The government will launch a temporary Coronavirus business interruption loan scheme, delivered by the British Business Bank, to help businesses to access bank lending and overdrafts.

The government will provide lenders with a guarantee of 80% on each loan to reduce barriers to lenders providing finance to SMEs.

The scheme will support loans of up to £1.2 million in value for each business.

The British Business Bank is still working through the detail but their website ( says (as at 13 March 2020), “It will operate in a similar way to the enterprise finance guarantee (EFG) and be provided by the British Business Bank, but will offer more attractive terms for both businesses and lenders, with the aim of supporting the continued provision of finance to UK businesses during the Covid-19 outbreak.”

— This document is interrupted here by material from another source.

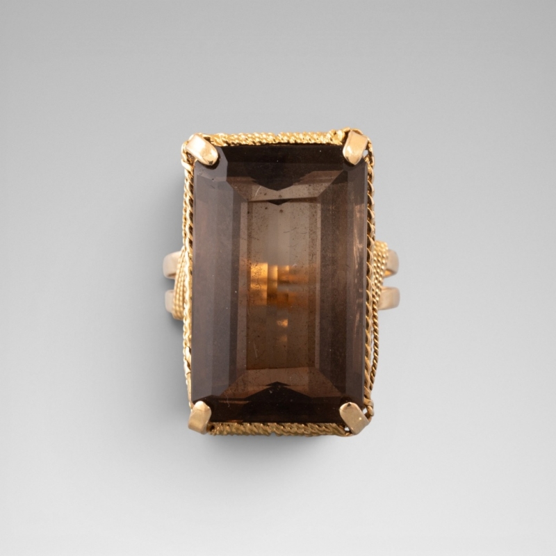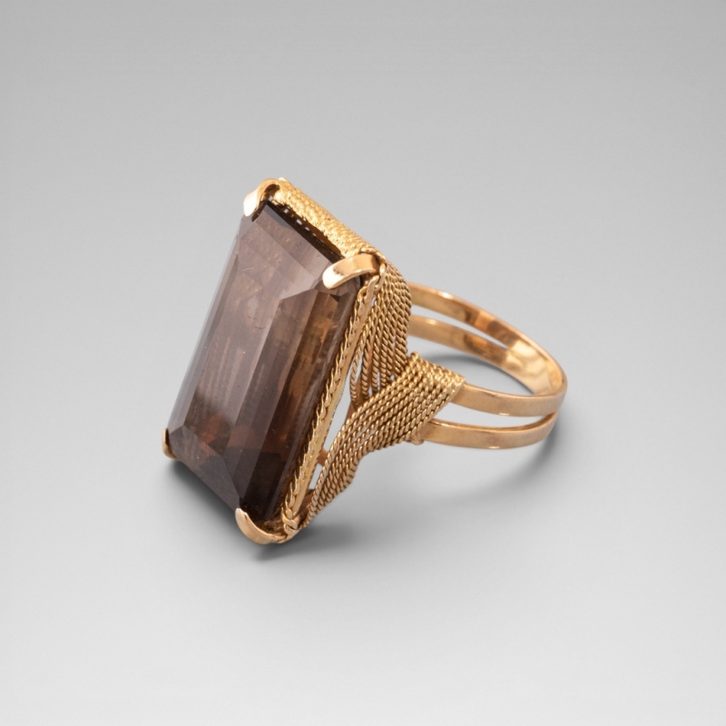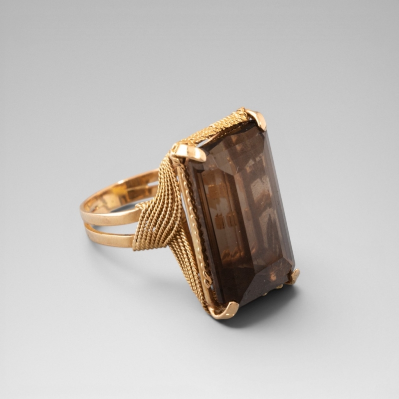 En or jaune 18K (750) centrée d'un important quartz fumé taille émeraude retenu par un entrelac de fils d'or tressé.

The enterprise finance guarantee has conditions and exclusions so we are waiting to see how many of these will also apply to the business interruption loan scheme. Although this scheme appears generous at first glance, actually obtaining the loan may not be straightforward. Immediate cash flow problems are better dealt with by engaging early with HMRC on a time-to-pay arrangement to defer payment of PAYE, VAT or corporation tax.

With such a diverse range of measures put together by a Chancellor only 27 days into his new job as the world faces a pandemic, we expect there to be teething problems with the implementation. However, there is a strong commitment from government to make this work and take further steps if required in the coming months.